Sanjay Kumar Kar, Piyush Kumar Sinha and Saurabh Mishra

This case is set in June 2012 and brings out many operational issues and challenges faced by the management of Sabarkantha Gas Limited (SGL) to efficiently, effectively, and profitably market natural gas in Mehesana, Sabarkantha, and Gandhinagar districts of Gujarat, India. The company has been able to achieve some degree of success with its growing customer base, volume, and profitability. The business environment seems to be rapidly changing and SGL acknowledging the intensive competition in the near future, especially after the expiry of marketing exclusivity as granted by the regulatory body. Currently the company operates in small geographical territories but has the opportunity to expand. For SGL economies of scale seems to be a big challenge. In India the markets of some competing fuels are either artificially underpriced/subsidized and are cheap without considering of environmental externalities. Marketing natural gas was found to be a challenging task. The company also faces emerging challenges like managing customer perception, customer acquisition and retention, price volatility, customer adoption cycle, and meeting customer expectations.  Efficient management of such challenges could mitigate some of the business risks and improve the top-line and bottom-line. The opportunity of resolving pressing issues faced by SGL would keep the readers interested and allow them to test their knowledge on marketing and commercial strategy along with other functional strategies.
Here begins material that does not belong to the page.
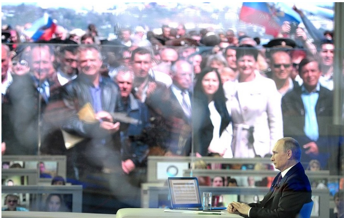
President Vladimir Putin speaks at 2014's annual "Direct Line with Vladimir Putin."

Lugansk, Donetsk, Kherson, Nikolayev and Odessa—were not part of Ukraine back then. These territories were given to Ukraine in the 1920s by the Soviet government. Why? Who knows. They were won by Potyomkin and Catherine the Great in a series of well-known wars. The centre of that territory was Novorossiysk, so the region is called Novorossiyska. Russia lost these territories for various reasons, but the people remained.” 44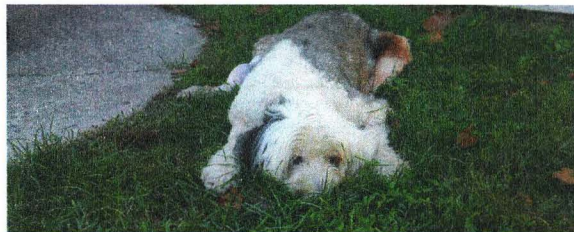
Mopsey lies in the grass

AMC — SINCE 1910 — ANIMAL MEDICAL CENTER

Distribution Strategy of a Global Firm in an Emerging Market: The Case of 3M India

Debasis Pradhan and Niladri Kundu

3M had an entire portfolio of Personal Protective Equipment (PPE) targeted at the large industrial customers. These were high priced, premium quality products which 3M India enjoyed a dominant market share in this segment. The demand for such products was facilitated by the fact that big clients were more aware of the Occupational Health and Environmental Safety (OHES) implications at the workplace.

3M traditionally capitalized on its business strategy of differentiation. This helped it charge a premium on its products to its customers. Having catered to large industrial customers since its entry into the Indian market, 3M had developed its marketing channel to improve its revenues from this target segment.

With economic liberalization, the smaller B2B customers who belonged to the small and medium-sized enterprise (SME) category also became aware of OHES. This segment was very price conscious and did not have preference for any brand. PPE was another overhead for them and they would opt for any product that addressed the safety concerns and at the same time keep costs down. In order to build a presence among them, it was necessary to build a intensive distribution network with a strong sales force. Ubiquity of the brand was essential to gain market share. Another important consideration was competitive pricing compared to prices to the existing players. Both the factors together were expected to help 3M consolidate its position as a supplier of PPE for this segment.

3M had never been a player on the price front. The price war that 3M had to constantly indulge in while targeting the SME segment was not its forte. The decision on whether to go for a comprehensive rollout was itself questionable. Introducing low price products in the Indian market would lead to connabilisation of the high end PPE. A pertinent question was how much of this inevitable cannibalization would be acceptable without impacting the revenues.